3. Waiting to Exhale
Pfizer (PFE Quote) finally stopped huffing and puffing about inhalable insulin drug Exubera. Six years after it began touting the supposedly revolutionary needle-free technology, Pfizer on Thursday took a $2.8 billion charge to discontinue the drug. "Despite our best efforts," CEO Jeffrey Kindler said Thursday in a press release Thursday, "Exubera has failed to gain the acceptance of patients and physicians." That's an understatement. Pfizer paid Sanofi-Aventis (SNY Quote) $1.3 billion last year for full worldwide rights. Pfizer, which developed Exubera along with Nektar (NKTR Quote), projected the drug would generate well over $1 billion in peak-year annual sales. But Exubera never gained wide use. It posted a paltry $5 million in sales last year and similarly wan figures in the first three quarters of 2007. Part of the problem was the design of the pump that delivers insulin to users' lungs. One blogger deridied the pump as "an aesthetic nightmare, in the age of cool gadgetry." Others took to referring to Exubera as the billion-dollar bong. Yet Pfizer spent more than a year ignoring the drug's obvious failure.
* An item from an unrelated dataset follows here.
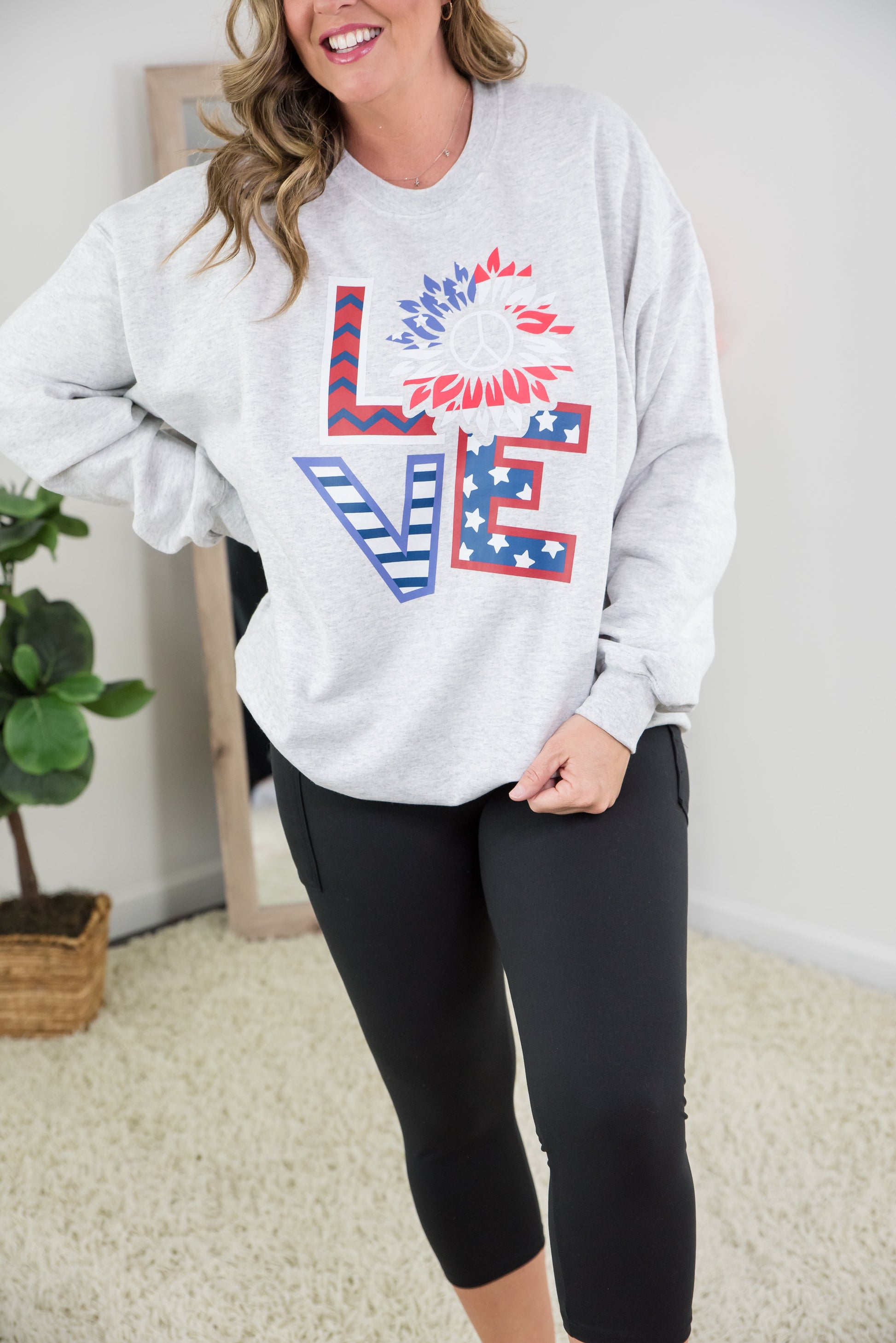 Show your love for the stars and stripes with this cute gray crewneck sweatshirt. Wear it year round with shorts or lounge pants.

Execs promised in January that Pfizer's advertising staff would hit consumers in the second half of this year with a "full-court press" that would boost sales. "We still believe in the potential for this innovative medicine," Kindler said on a conference call in April, "and we're taking significant steps to make it successful." Success for Exubera? Don't hold your breath.
Dumb-o-Meter score: 88. Kindler called Exubera "a product for which we initially had high expectations."